# Probability of getting different plaintext with different key

What is the probability that an AES encrypted file, using a wrong password, gets decrypted to something different than the plaintext, but which could still be likely to be interpreted an the true plaintext by the attacker? Example:

1. John Doe encrypts a TXT file which only contains the following sentence: "Tomorrow we are going to throw eggs at the president". Encrypted with AES-256-CBC, key derived from a 128-bit password.
2. How many other passwords, other than the real one, are going to produce a plaintext containing a meaningful English sentence?
3. Would using AES-GCM avoid the problem and make sure that the real password can be distinguished from other plausible passwords that happen to produce a plaintext?

Is it possible to calculate an estimate, or a range of probabilities? I thought of this question while wondering: what's the use of huge keys or passwords, if among those keys there are some that might produce an even more compromising plaintext than the real one? Of course I would suppose the probability of encrypting a picture (say, several KB) with a password and getting a different picture after decryption is extremely low, but when I think of smaller files (like the 52-byte text in the example above) I'm not so sure.
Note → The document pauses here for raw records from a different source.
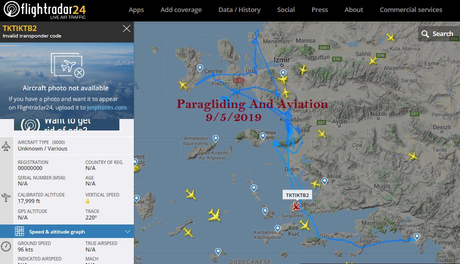 Ταυτόχρονα, η πλατφμόρμα του Flight Radar24 κατέγραφε υπέρπτηση ελληνικού εδάφους (νότια Χίος) από drone Bayraktar TB2 του τουρκικού Ναυτικού! Την αποκάλυψη έκανε ο ιστότοπος Paragliding And Aviation.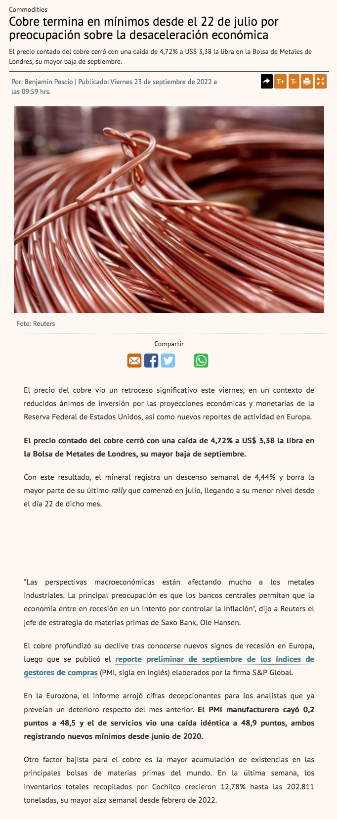 Dólar rebelde: Los impactos de la Fed, el cobre y Putin - (Diario Financiero)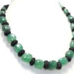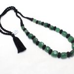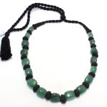 Rajasthan Gems Black Thread Bead Necklace Strand Beaded Natural Green Strawberry Quartz Gem Stone Gemstone Tumble Beads Tribal Adjustable H152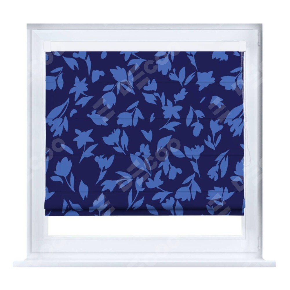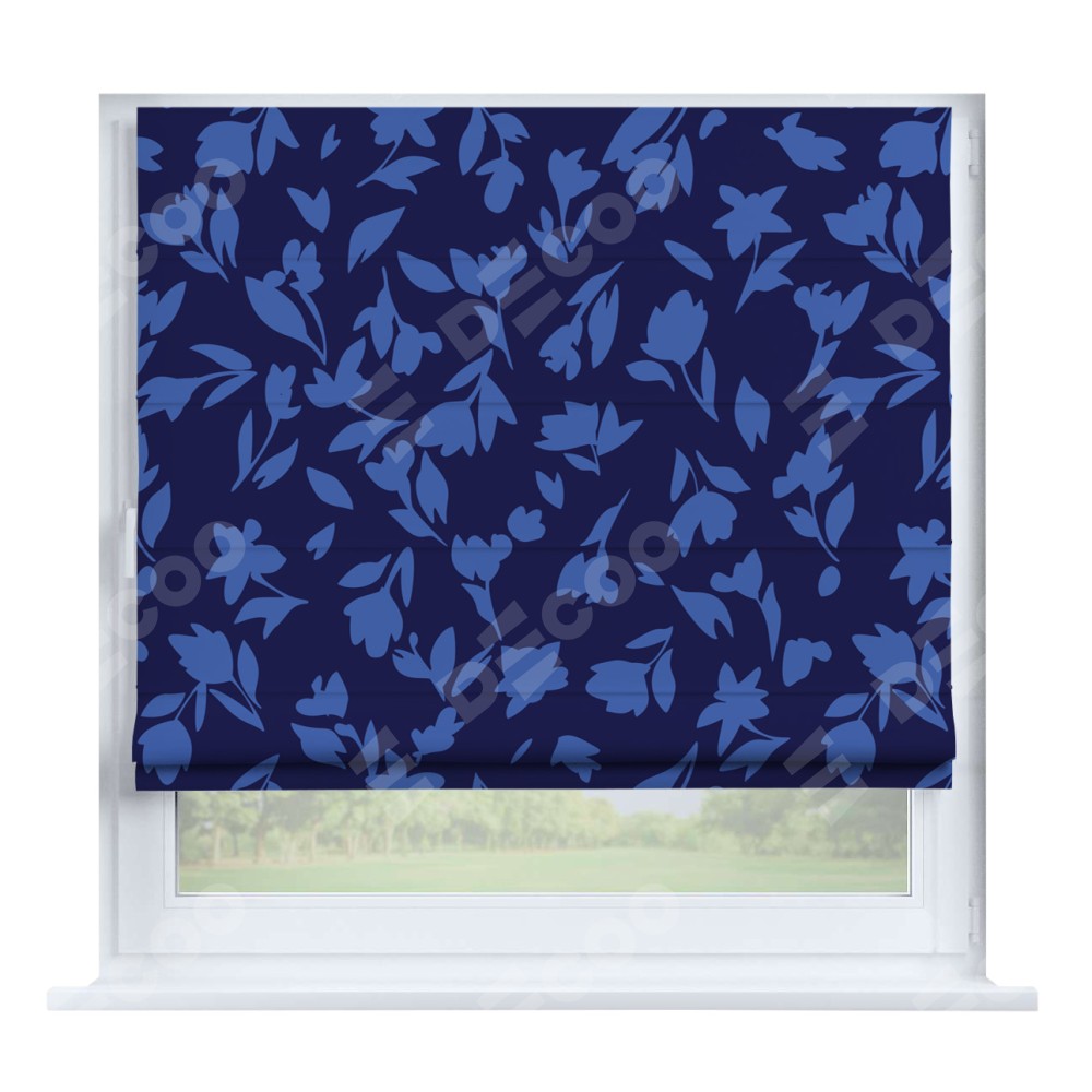Римская штора производителя «Cortin», устанавливается на створку окна, пошита из ткани блэкаут с нанесением сублимационной печати «Синие цветы». Штора шьётся по индивидуальным размерам, для данного типа римской шторы возможная ширина от 35 до 150 см., высота до 250 см.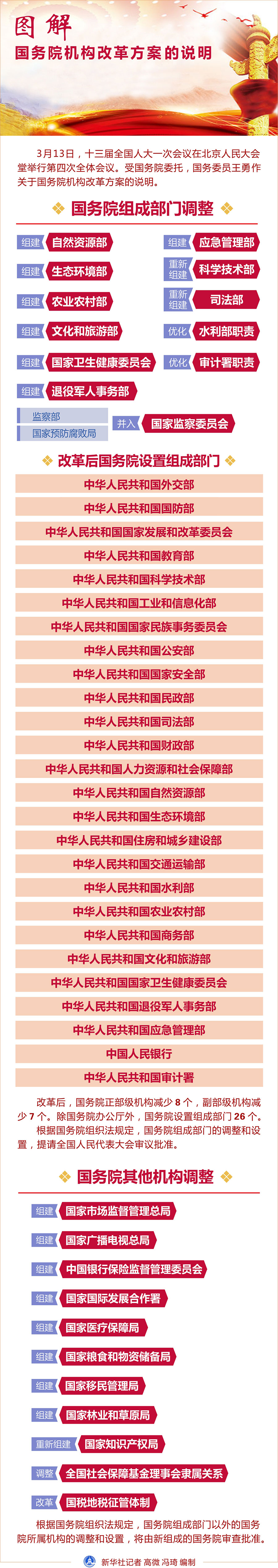 圖表:圖解國務院機構改革方案的說明 新華社記者 馮琦 高微 編制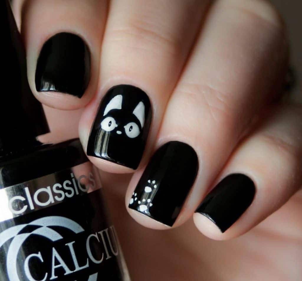 Еще одним вариантом кошачьего маникюра является маникюр с силуэтом кошки. Силуэт может быть нанесен на ноготь с помощью наклейки слайдера (так называемый слайдер дизайн), либо же нарисован вручную с помощью кисточки.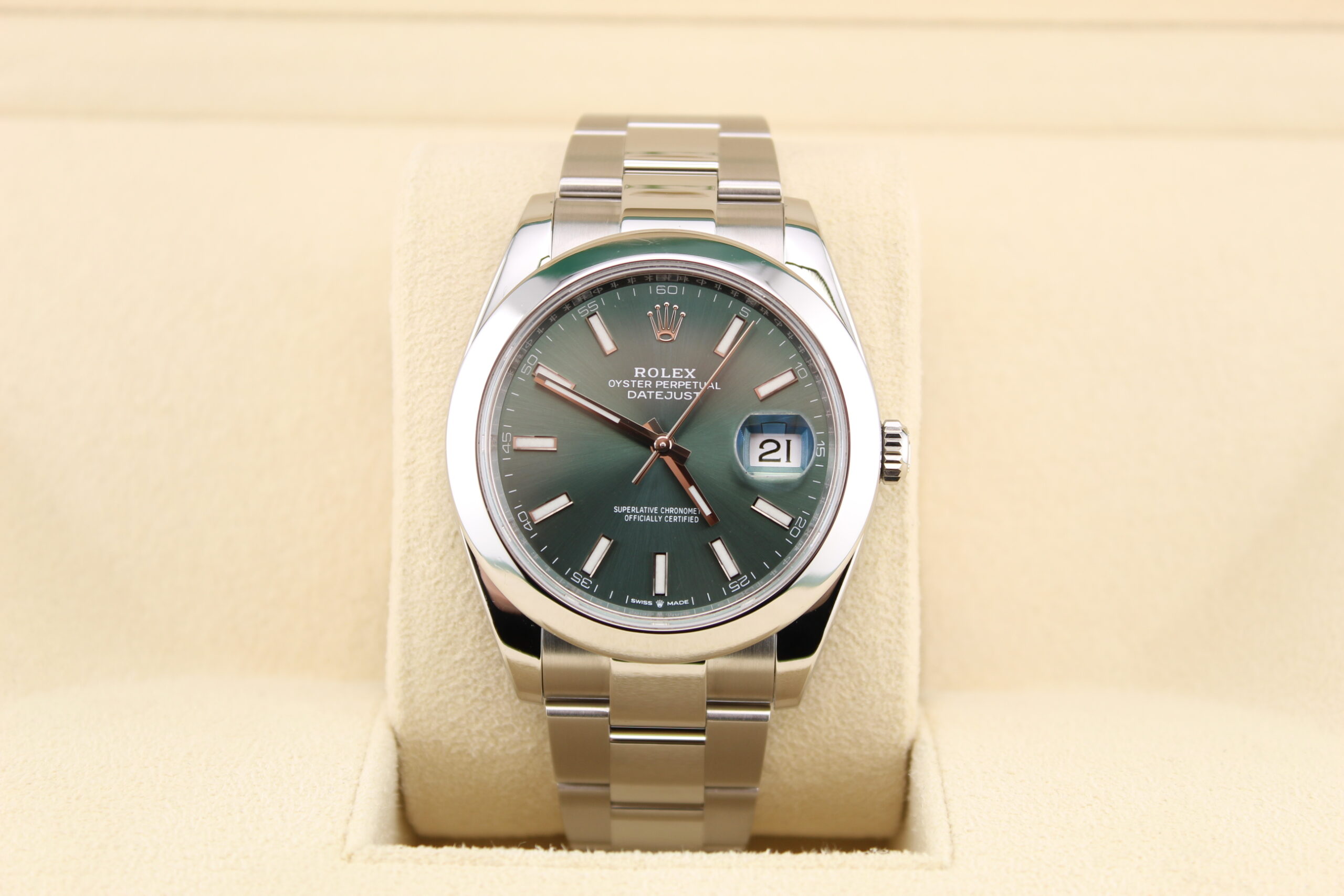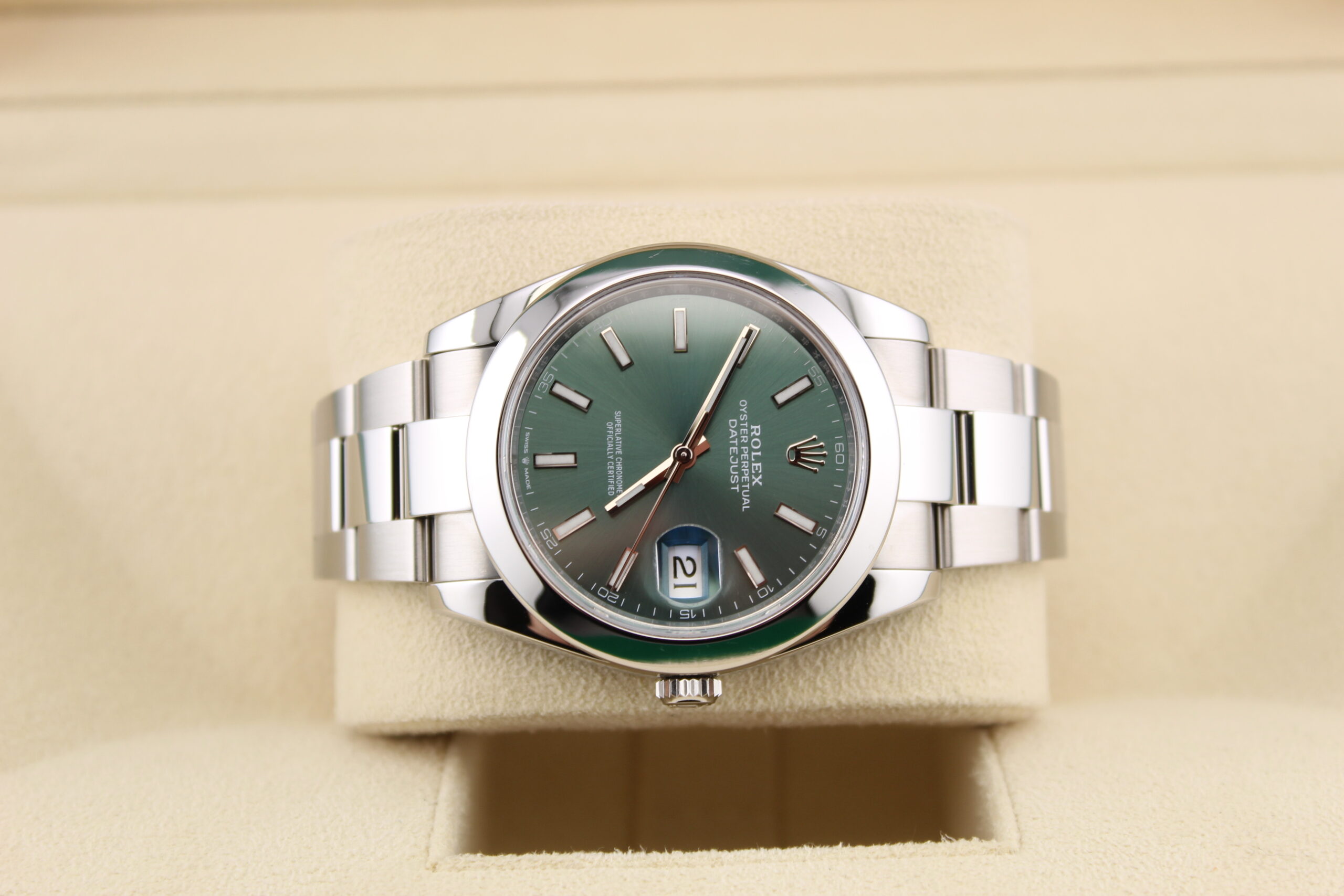 The Rolex Datejust 41 reference 126300 with a striking green dial is a vibrant take on an enduring classic. Its bold green dial offers exceptional visual appeal while maintaining Rolex’s signature elegance and legibility. Housed in a 41mm Oystersteel case with a smooth stainless steel bezel, this Datejust delivers a sleek and modern aesthetic that transitions effortlessly from casual to formal settings. Powered by Rolex’s reliable automatic movement, it boasts precise timekeeping and a robust 100m water resistance. This model is a standout choice for enthusiasts seeking a fresh, contemporary look without compromising the timeless sophistication that the Datejust collection is known for.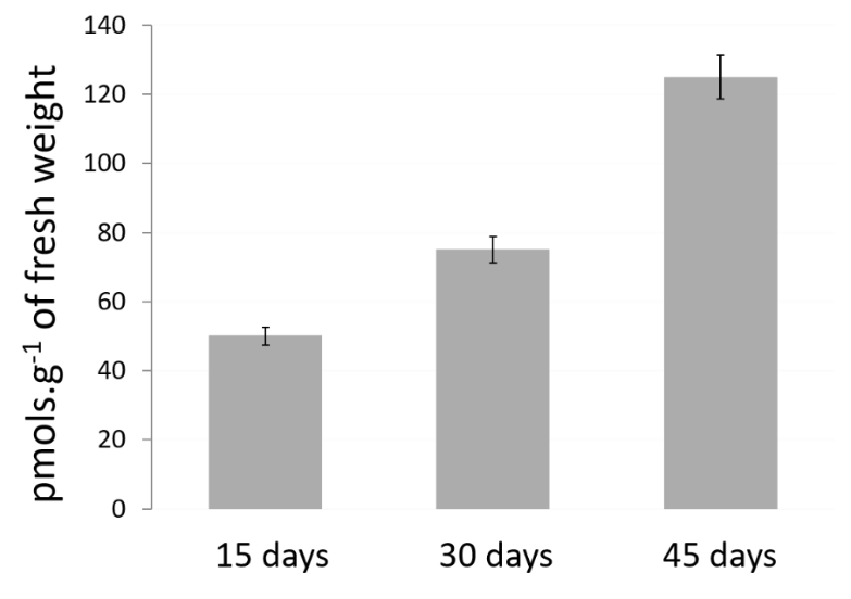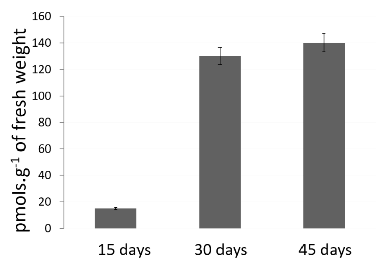 Fig. 2: Quantification of auxin in the leaves of C. asiatica. Estimation of the endogenous levels of hormone auxin-IAA in the leaves of in vitro grown C. asiatica plants at 15, 30 and 45 d interval. The values are mentioned in mean±SD. Number of samples in the experiment=3

• WRT 2, Decrypting a cyphertext with a random key will produce a result that is indistinguishable from random text. If you do this many times (using a different random key each time), a large number of the results will be invalid due to padding errors. But, taking the results that have valid padding, each of these will contain random text. So, your question is equivalent to asking 'what is the likelihood of getting a valid English sentence, when constructing a string from random characters'? As you said, this decreases exponentially with length, but even at 50, it would seem highly unlikely. Commented Jul 6, 2022 at 11:36

We can roughly consider the output of a cryptographic function as random. The questions is a monumental calculation as stated (the ratio of valid sentences to junk for a given collection of bytes). Instead I will pose it as follows:

3.123*10^7 = number of AES operations per second at 1GB/s

(52/256)^x = odds that a given plaintext starts with x alpha characters

(52/256)^x * 3.123*10^7 = Likelihood of finding a plaintext that starts with x apha bytes at the start.

Somewhere around X=13 it seems like about once per hour one would find such a plaintext. Now the odds that those 13 characters are a valid sentence would determine how many hours one would have to wait to see what you ask for.

Would using AES-GCM avoid the problem and make sure that the real password can be distinguished from other plausible passwords that happen to produce a plaintext?

Probably, yes. It is of course possible in the infinite collection of cyphertexts and infinite-seeming collection of AES keys that there exists two valid looking plaintexts that both have the same MAC for even the same AAD. But if we thought the first question was merely unlikely, this would be monumentally unlikely.